Echo's, X-rays and EKG's... Oh my!



In exactly four weeks from today I will have a baby boy of my very own. March 26 to be exact. This is fantastic news! Granted this means that I will have to have a C-Section, which has taken me a few weeks to come to terms with. (Who would have ever thought that I would be sad about not being able to deliver the other way.) I have been having plenty of contractions this past week, nothing too painful more just annoying than anything. But there was one that killed my back and it totally freaked me out. So maybe this C-section is a blessing in disguise because who knows if I can handle the more natural way. I am also currently under the impression that having this baby boy on the outside will be a lot better than having him on the inside. This C-Section will help get that done sooner. Although, people keep telling me to get ready for crazy days and sleepless nights. And though this may be true I am sticking to my naivety because I am done sharing my body!

I know that I haven't blogged much about this pregnancy; this is mostly due to the fact that I don’t want to remember it. Besides the wonderful fact that this baby has grown to be perfectly healthy and strong, nothing about this pregnancy has been normal. That is why I take comfort in complaining about ugly maternity pants and my inability to put on shoes these days because it makes me feel like I am just another typical pregnant woman. But even with all this crazy sickness that has been thrust upon me these past months I would still like to have more kids someday. So I figure that if I don't write down what I have been going through chances are I will be less likely to remember. Then someday I may actually try this whole pregnancy thing again.

But I feel like sharing with you the events of this past week/month. I don’t think writing them down will hinder my chances of having more children in the future. In fact I find them kind of funny. They really aren’t funny and they could have been potentially fatal for the baby, but I still can’t help but find humor in the situation. Or maybe I am just going crazy which could definitely be an option here.

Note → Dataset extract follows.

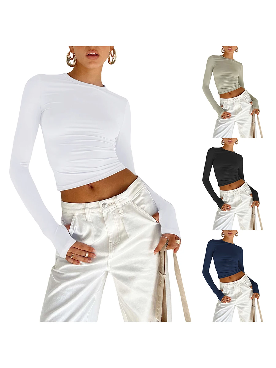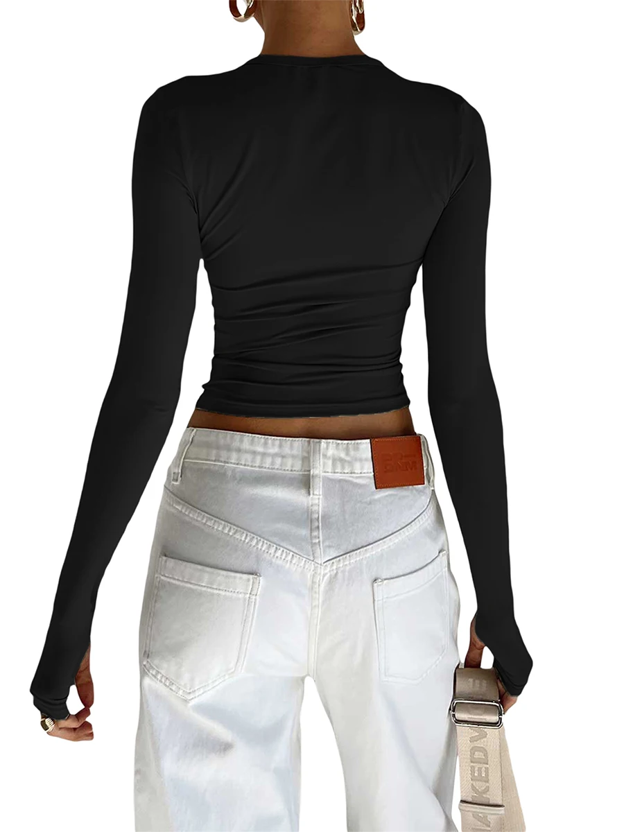 Women T-shirt, Long Sleeve Crew Neck Solid Slim Fit Ladies Crop Top with Thumb Holes for Daily Street

See this past week has warranted two trips to the hospital. I have been having these fainting spells recently. I have passed out 5 times in the last month. And on a regular basis I can get pretty light headed. Now I doubt that I would have ever thought to go to the hospital for this, but the first time this landed me a night at the hospital I happened to be there taking a tour of the labor and delivery wing with my childbirth class. We were walking along, everything was great, and then I felt it coming on. First I start to get really hot. Then comes the weakness and dizziness. Next I start seeing white spots and that’s when I know that I need to brace myself because I’m going down. Luckily Aaron was right there this particular time so he grabbed me a wheelchair just in time. But of course the doctors wanted to check everything out to make sure we, the baby and I, were alright. And we were.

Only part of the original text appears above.